THE STRUCTURAL PROBLEM. Ukraine has embassies. It has trade missions. It has USAID-funded research. It has a Chamber of Commerce. It has an Export Promotion Office. What it does not have is a functioning connection between the node that collects intelligence and the node that makes recommendations. The analytical output exists. The policy input ignores it. This is not a staffing problem. It is an architecture problem.

What Would an Adequate Letter Look Like

An adequate version of this letter would begin with the market, not with the platform.

It would state: Nigeria's food processing sector is dominated by vertically integrated conglomerates with decades of presence, billions in invested capital, and proprietary distribution networks. Import of finished food products (pasta, beverages, juices) is largely prohibited. The market for sunflower oil is negligible. The opportunity, if any, exists in intermediate goods — wheat starch, gluten, baking premixes — where import data shows growing demand and moderate concentration.

It would identify the realistic competitive position: Ukrainian FMCG producers cannot compete with Tolaram, Flour Mills of Nigeria, or Dangote in finished goods. But Ukraine has a structural advantage in agricultural raw materials and semi-processed inputs that these same conglomerates need to buy.

It would recommend not a "business mission" but a structured analytical exercise: identify specific HS codes where Nigerian import demand is growing, where Ukrainian production capacity matches, and where logistical costs from Black Sea ports are competitive. Then build a short list of Nigerian industrial buyers — not platforms selling real estate.

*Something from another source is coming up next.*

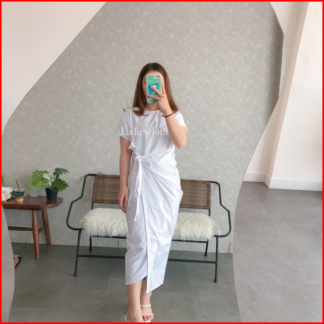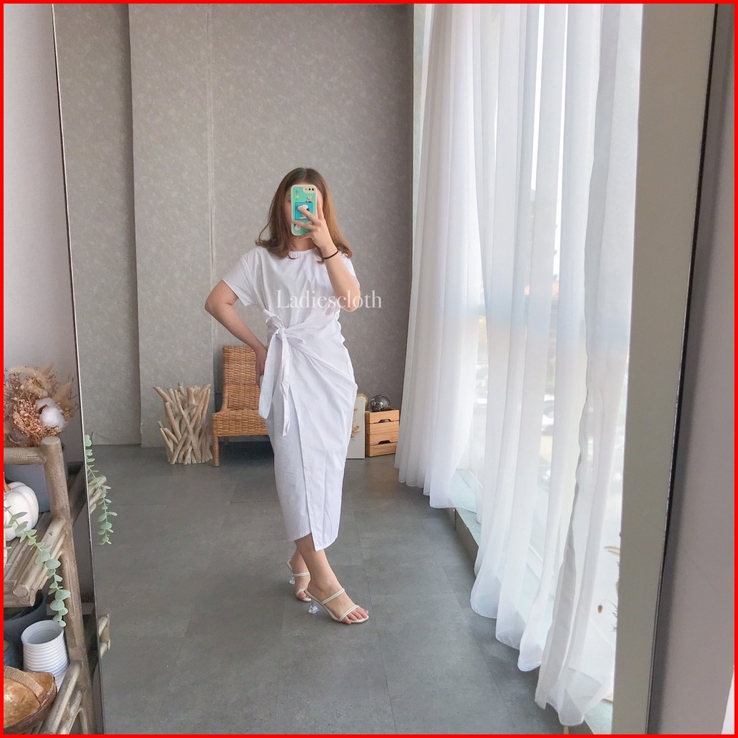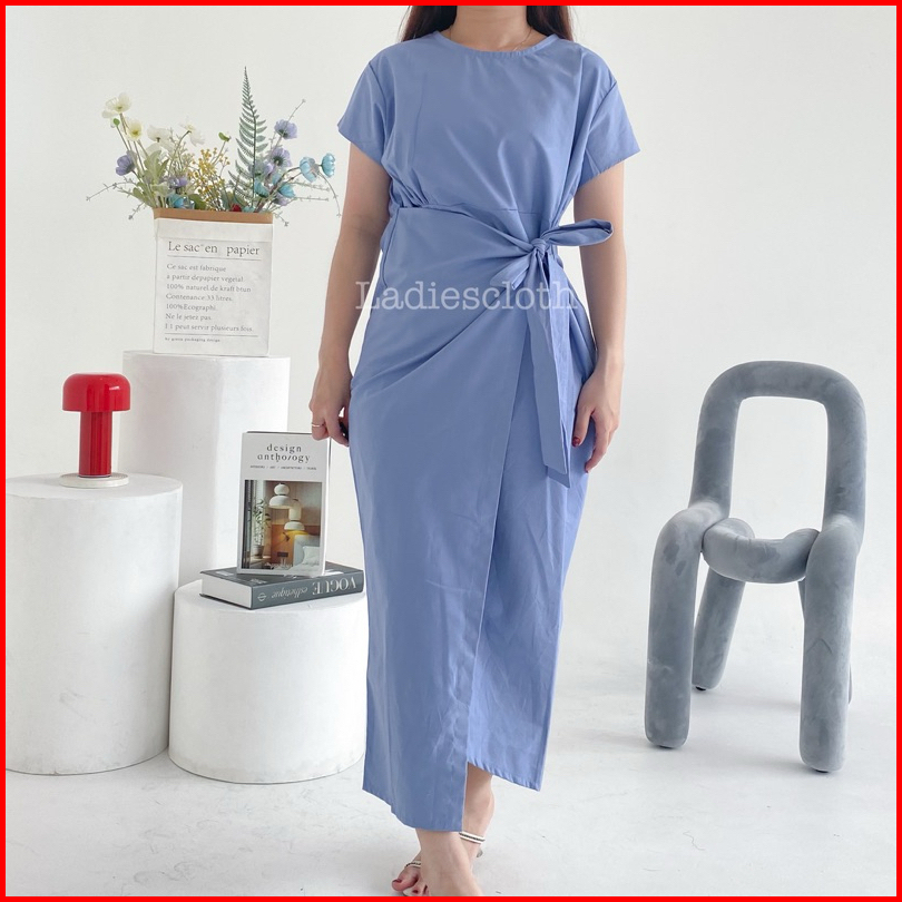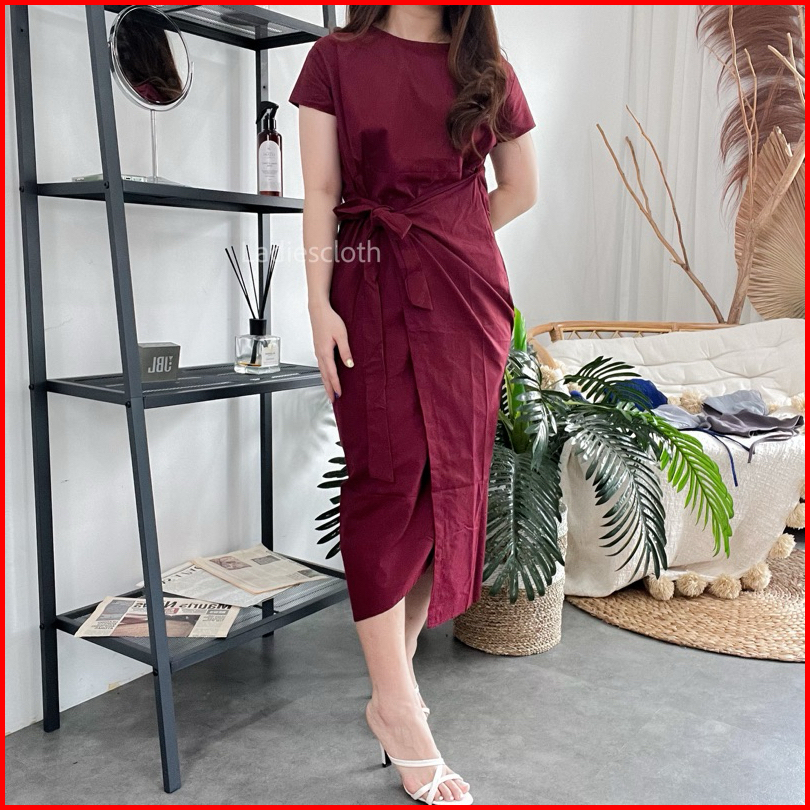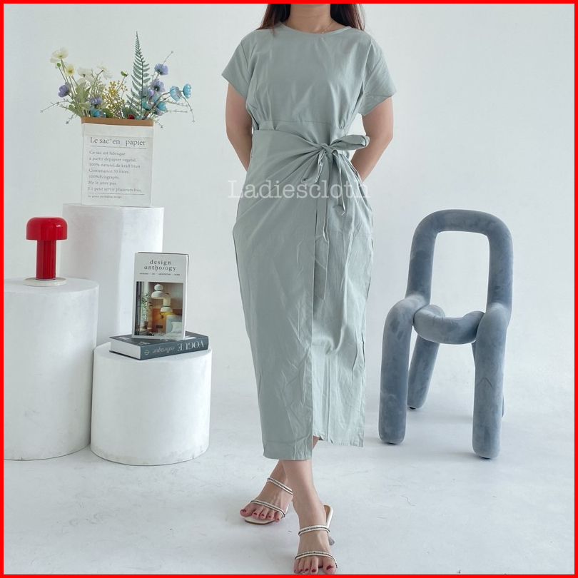Ladiescloth Casual Dress Wanita Bahan Katun Model Rok Lilit Wrap Skirt Tied Dress Simple Cocok Di Pakai Buat Kondangan A
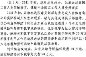 2021年初,球員劉洋轉(zhuǎn)會,朱宏興對非國家工作人員行賄事實,蘇鏡宇非國家工作人員受賄事實2021年初,天津泰達隊球員劉洋與青島眾人合體育有限公司實際控制人朱宏興聯(lián)系,欲與其他足球俱樂部簽約。后該公司監(jiān)事矯喆(時任山東泰山隊助理教練)與河北滄州雄獅隊助理教練蘇鏡宇取得聯(lián)系,讓蘇鏡宇幫忙運作劉洋轉(zhuǎn)會事宜,矯喆與蘇鏡宇商定事成后給付蘇鏡宇好處費50萬元。蘇鏡宇利用其作為助理教練的職務便利成功運作劉洋以450萬元年薪加盟河北滄州雄獅足球俱樂部。

This letter would be three pages instead of one. It would take two weeks instead of two hours. And it would prevent Ukrainian companies from spending $15,000 each on a business trip to discover what a single customs database query would have told them for free.

Conclusion

The MFA letter №51/14-200-9267 is a bureaucratic document. It will be processed by the receiving institutions, filed, and forgotten. Some business association will circulate it. Maybe an SME will call the contact person in Abuja. Maybe it will lead nowhere. Maybe someone will lose money.

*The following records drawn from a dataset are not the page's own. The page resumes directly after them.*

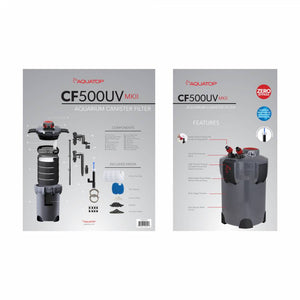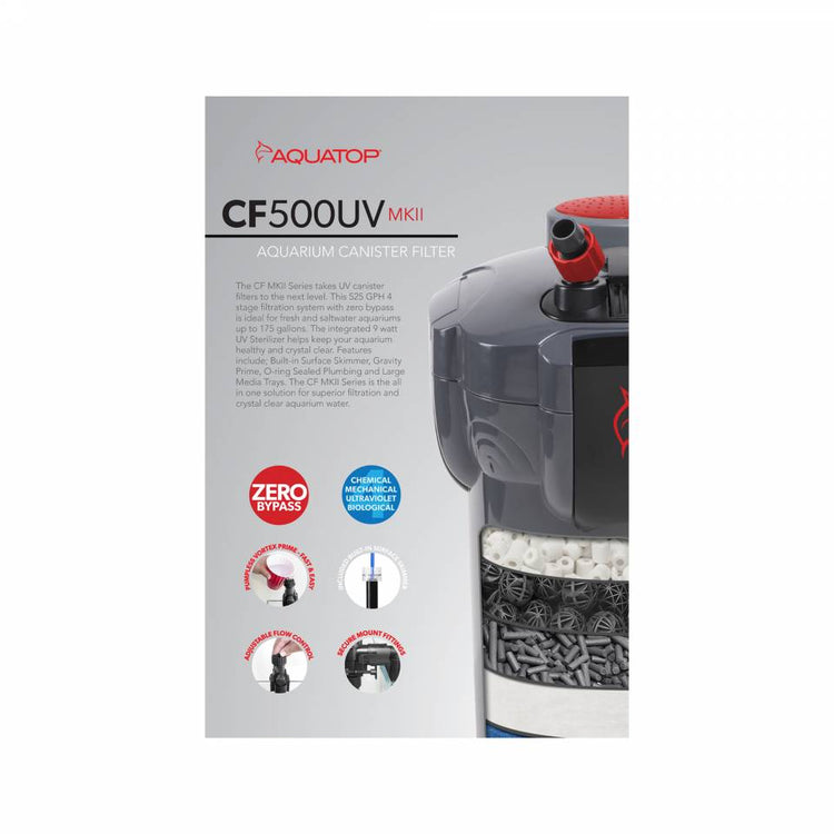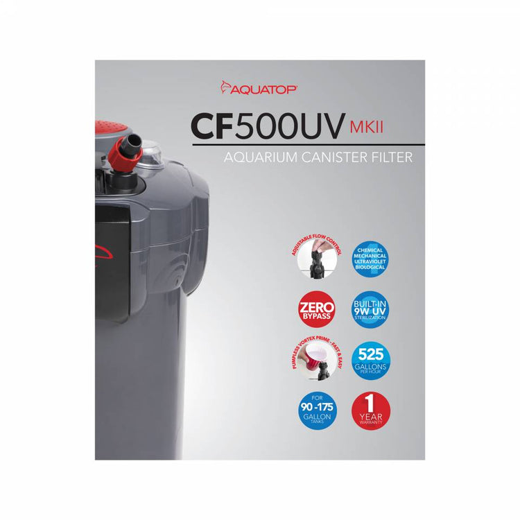 Deliver powerful, complete filtration with the Aquatop CF-500UV MKII Canister Filter featuring Vortex Prime technology and an integrated 9W UV sterilizer. Designed for aquariums up to 175 gallons, it provides 4+1 stages of filtration—mechanical, chemical, biological, and UV sterilization—for exceptional water clarity and quality. With a 525 GPH flow rate and 55W power draw, it offers quiet, energy-efficient performance. Includes all media: bio balls, ceramic rings, carbon, and filter pads for a ready-to-use setup.
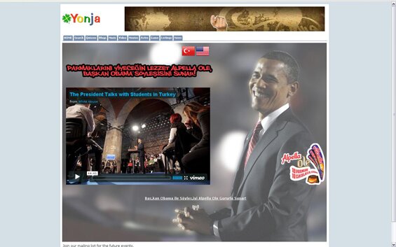 Türkiye'nin lider online sosyal ağı ve en büyük gençlik portalı Yonja.com, ABD Başkanı Obama'nın tarihi Türkiye ziyareti sırasında öğrencilerle gerçekleştirdiği toplantıyı 7 Nisan Salı günü saat 12.20’de canlı olarak yayınladı. Yonja.com, bir parçası olmaktan gurur duyduğu bu görüşmeyi milyonlarca genç insana dijital yayın sponsoru Alpella Ole aracılığıyla sundu.
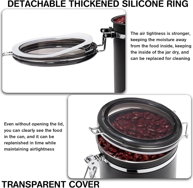 - SEALS WELL & AVOIDS SUNLIGHT: this stainless steel coffee container has a metal lock and a silicone gasket, which not only meets the storage of sunlight avoidance food, preventing coffee and other food from accelerated deterioration due to sunlight, etc., but also this design makes it easier for the user to open and close the container, and also prevents moisture from entering in the air to avoid harmful oxidization and keep the jar dry, which helps to keep the freshness of the coffee beans.
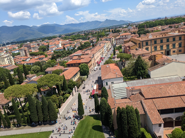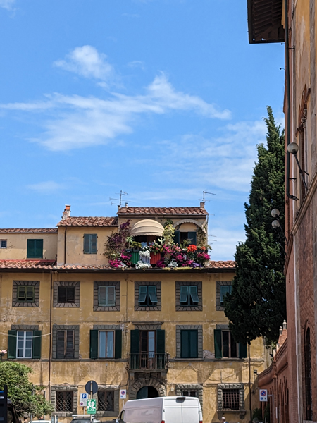 parken in schöner Umgebung nebst SchattenWhiskyladen als Wegmarke zum Parkplatzdas erklärt, wieso viele Einheimische so gerne ins Englische wechseln, wenn man als Tourist italienisch nur radebrechtPiazza dei Cavalieri mit diversen Hochschulenman nähert sich dem touristischen Zentrum

But the letter matters for what it reveals about the system. Every sentence contains a structural assumption: that export is a diplomatic act, not an analytical one. That markets are "opened," not studied. That the main barrier to trade is the absence of real estate. That product categories can be recommended without checking if they're legal to import. That a private platform's commercial pitch is the same as a government policy recommendation.

These are not mistakes. Mistakes imply that the correct process exists but was applied incorrectly. What the letter reveals is that the correct process does not exist at all.

The state doesn't lack information. It lacks the architecture to convert information into decisions. The sensor works. The brain does not process the signal. The hand moves anyway.

Somewhere in Kyiv, an SME owner is reading a forwarded email about opportunities in Nigeria. The email mentions pasta. The email mentions a free zone. The email has the Ministry of Foreign Affairs logo at the top.

He doesn't know that pasta imports are banned. He doesn't know that Tolaram has 24 factories. He doesn't know that the sunflower oil market is $608,000. He doesn't know any of this, because the state that sent him the email doesn't know it either.

That is the system working exactly as designed.